Ob die Eltern mit im Krankenhaus schlafen können, hängt allerdings auch vom Alter der kleinen Patienten ab. Im Klinikum Nord können grundsätzlich alle Eltern bleiben, deren Kind bis zu acht Jahre alt ist. Darüber hinaus wird laut Sprecherin Herbst „im Einzelfall“ von den Ärzten entschieden, ob die Anwesenheit von Mutter oder Vater auch über Nacht für das Kind wichtig ist. Im AKK liegt die Altersgrenze bei zwölf Jahren, aber wenn das Kind etwa schwerbehindert oder aus anderen Gründe besonders zuwendungsbedürftig ist, geht die Klinik laut Pflegedirektor Reimer „über diese Altersgrenze hinweg“.

Bei Pflege zu Hause besteht Anspruch auf Krankengeld

Bislang mussten die Eltern zumindest für ihre Verpflegung im Krankenhaus selbst aufkommen. Seit Januar zahlen die Krankenkassen den Satz von 45 Euro für Bett und Essen, wenn ärztlicherseits bestätigt wird, dass es medizinisch angezeigt ist, den kleinen Patienten nicht allein zu lassen.

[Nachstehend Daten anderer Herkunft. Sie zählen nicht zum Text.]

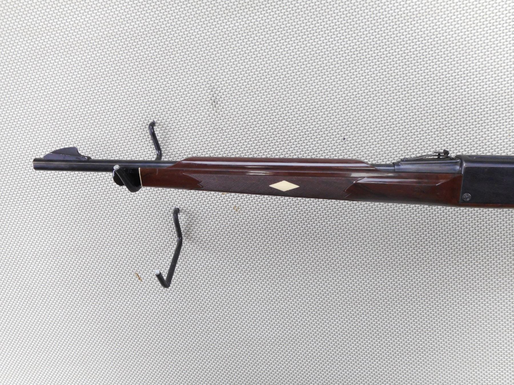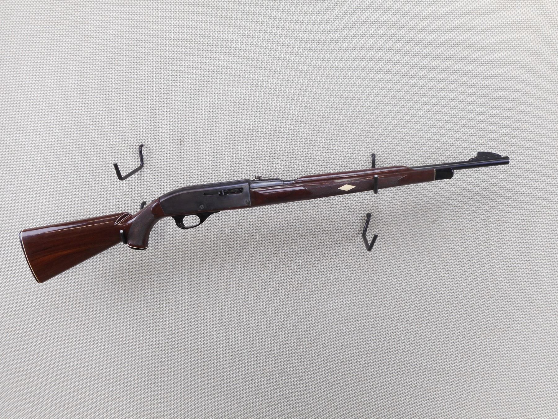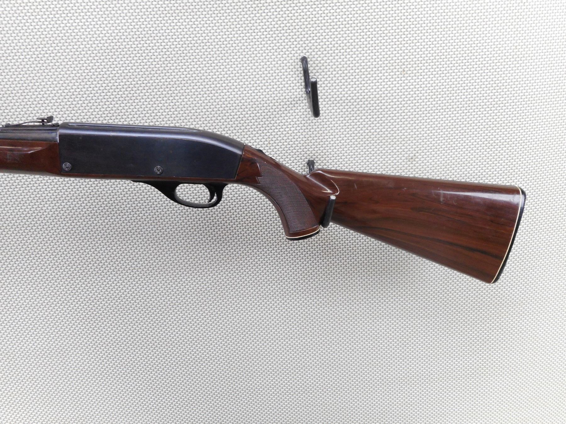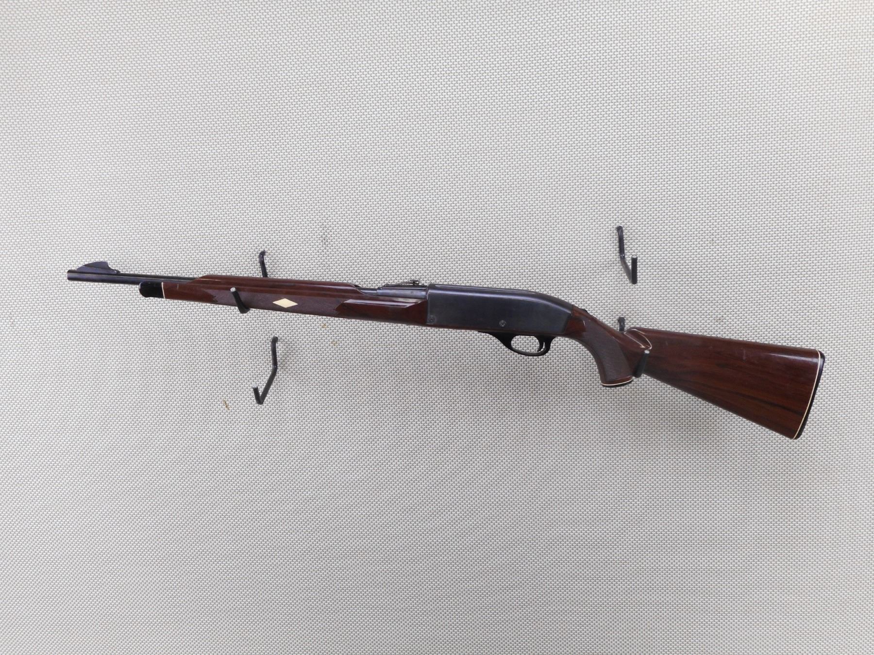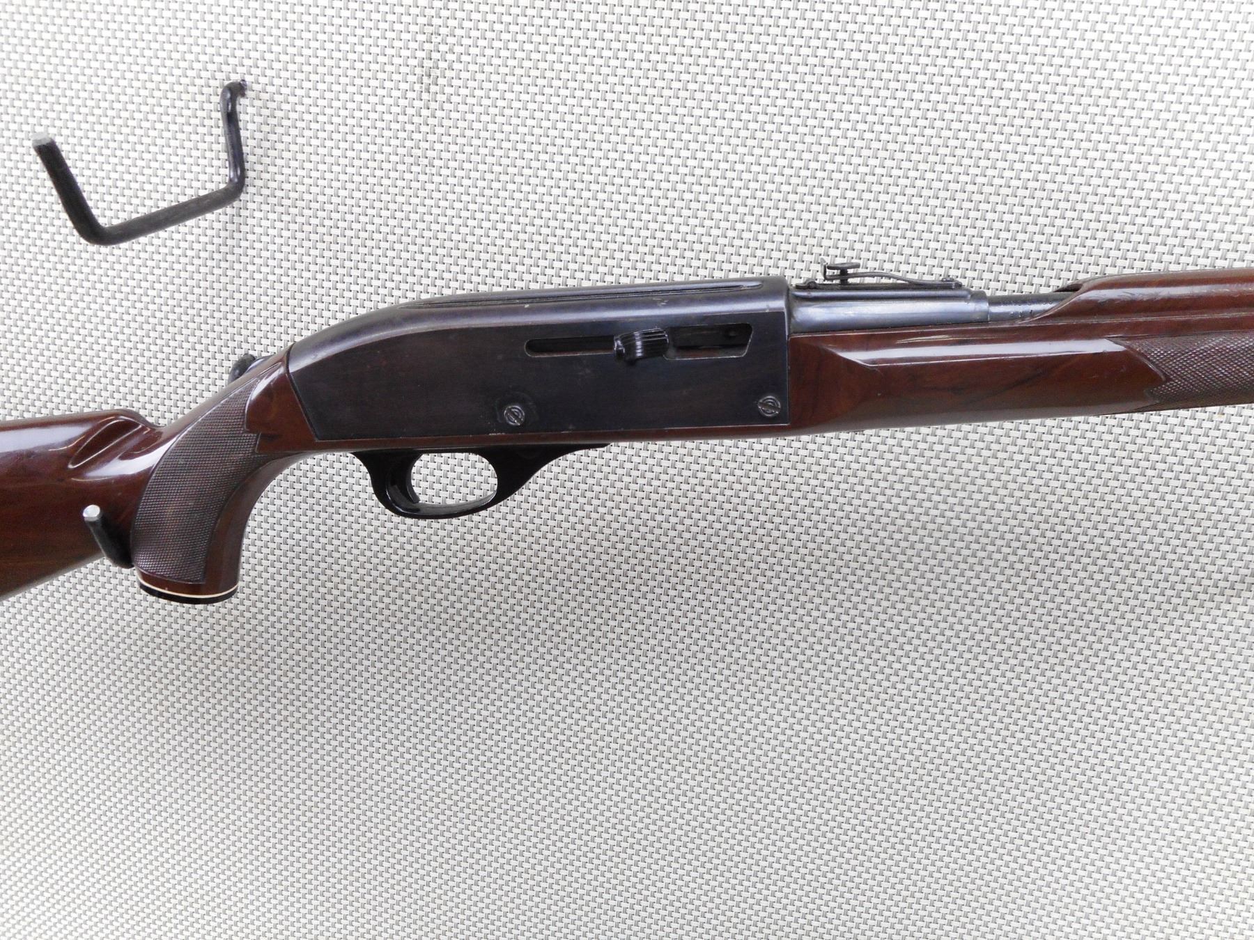 REMINGTON , MODEL: NYLON 66 , CALIBER: 22 LR , BORE IS GOOD. BLADE FRONT AND ADJUSTABLE REAR SIGHT. TWO PIECE CHECKERED NYLON STOCK WITH PLASTIC BUTT PLATE. SHOWS SOME HANDLING MARKS. ACTION: SEMI AUTOMATIC RIFLE , BARREL LENGTH: 20" , SERIAL # 1959 , CONDITION: 6/10 , CLASS: CANADIAN NON RESTRICTED CLASS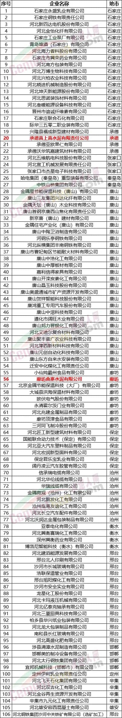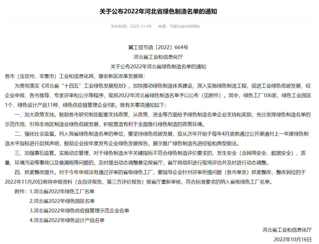2022年河北省綠色工廠名單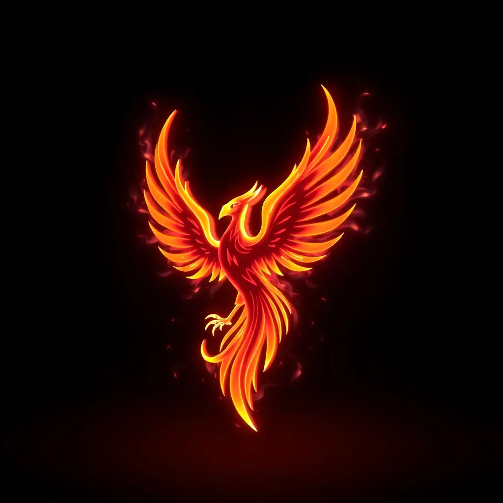 شعار طائر العنقاء يخرج من نيران رقمية، بمظهر مستقبلي وألوان نيون مضيئة، ثلاثي الأبعاد
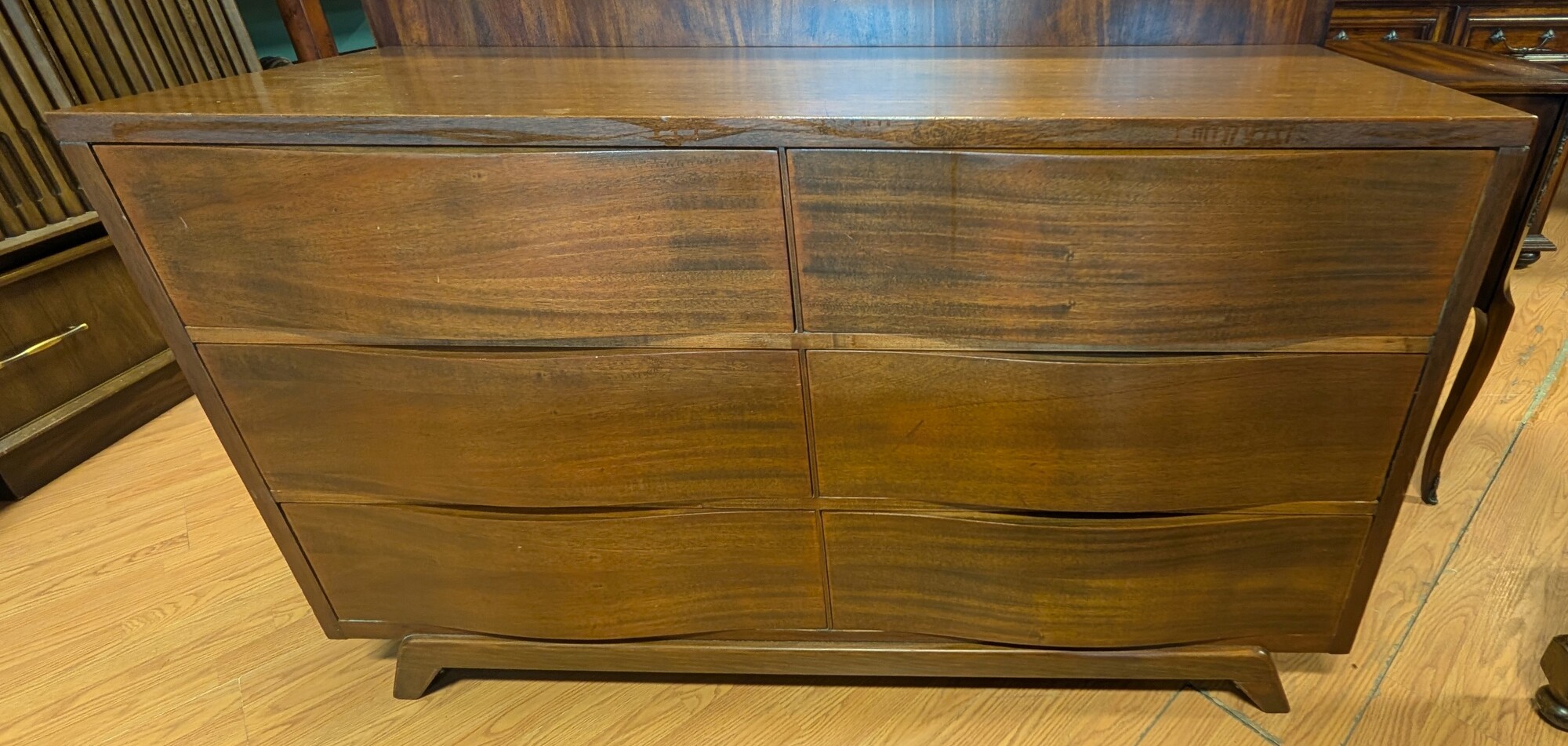 Mid Century Curved, Dark Stain, 6 Drawer 54 x 19 x 32h

Betreuen die Eltern ihr krankens Kind zu Hause, haben sie seit der Gesundheitsreform einen Anspruch auf Krankengeld, wenn sie wegen der Betreuung nicht zur Arbeit gehen können. Bis zu zehn Tage im Jahr (allein Erziehende 20 Tage) können sie der Arbeit fernbleiben – und rund 70 Prozent ihres Verdienstes von der Kasse bekommen, wenn ein Arzt ihnen bestätigt, dass ihre Betreuung für das Kind wichtig ist. Das gilt allerdings nur für die Pflege zu Hause. Ist das Kind hingegen im Krankenhaus, sind die Kassen zur Zahlung nicht verpflichtet.

Da müssen die Eltern im Einzelfall in Verhandlungen einsteigen. Die Techniker Krankenkasse (TK) beispielsweise finanziert den Verdienstausfall laut ihrem Sprecher John Hufert dann, wenn „der stationäre Aufenthalt des Kindes dadurch verkürzt wird, dass die Eltern bei ihm sind“. Denn unstrittig sei, so auch Hufert, „dass Kinder und Jugendliche schneller gesund werden, wenn sie von einem Familienmitglied begleitet werden“.